Pergolas work well for outdoor lounge areas, patios, and poolside shelters where partial sunlight is desirable. In general, pergolas provide minimal rain protection. Trained climbing or trailing vines can be lovely natural accents for a pergola roof.
A pavilion has a closed roof and no walls. The advantages include substantial shade, shelter from the elements (excluding extreme weather), and full views of the surrounding outdoor space.
The pavilion's closed roof makes it an excellent choice for an outdoor kitchen or dining room. Large pavilions can even function as primary or secondary carports.
A gazebo has partial or complete walls and a closed roof. Often the term "gazebo" is associated with the octagonal structures of the Victorian era. While some of today's gazebos resemble those traditional structures, many are square or rectangular in shape.
Advantages of the gazebo include more privacy, shade, and weather protection than either pergolas or pavilions.
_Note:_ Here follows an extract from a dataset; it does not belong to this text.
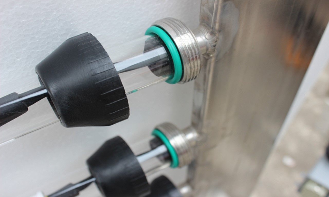 1)鎮(zhèn)流器自動水冷,鎮(zhèn)流器模塊盒與流動的冷水全封閉無接口接觸的設計,確保任何情況下,冷卻水不會進入鎮(zhèn)流器盒內(nèi)。紫外線燈管連接口處有四重密封設計。采用獨特的固化密封設計,在水壓大于6kg/cm2多次試驗無泄漏現(xiàn)象發(fā)生,密封等級遠大于IP68的級別;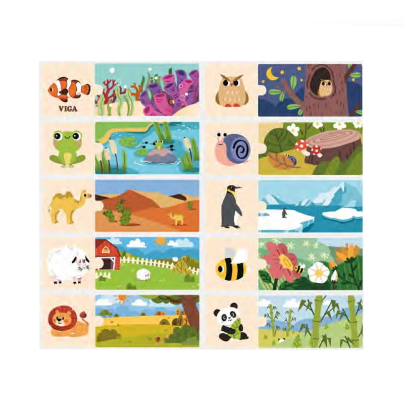 Logiczne puzzle od marki VIGA - zabawa polega na połączeniu puzzli pasujących do siebie. Zestaw składa się z 20 elementów, które trzeba ze sobą połączyć w taki sposób aby dane zwierzątko było przyporządkowane do swojego naturalnego miejsca bytowania. Elementy są bardzo dobrze dopasowane, oraz posiadają kolorowe obrazki.

When designed with walls or sliding doors, a gazebo can serve as a backyard retreat or intimate gathering space.
Of course there are many variations on pergola, pavilion, and gazebo designs. If you're working with a custom woodworking shop like Forever Redwood, often you can sketch out your own design. Forever Redwood will then render drawings and build the structure based on your idea.
Once you’ve decided which shade structure best suits your needs, it's time to move on to other specifications such as size and building materials. Depending on the scope of your project, plumbing and electricity may be additional considerations. The assistance of a designer or architect can be useful for larger projects.
Whatever design you choose, always check with your HOA and/or local building department before finalizing and ordering your shade structure. A permit may be required.
To learn more about which pergola, pavilion, or gazebo is right for you, visit Forever Redwood’s website or call (866) 332-2403.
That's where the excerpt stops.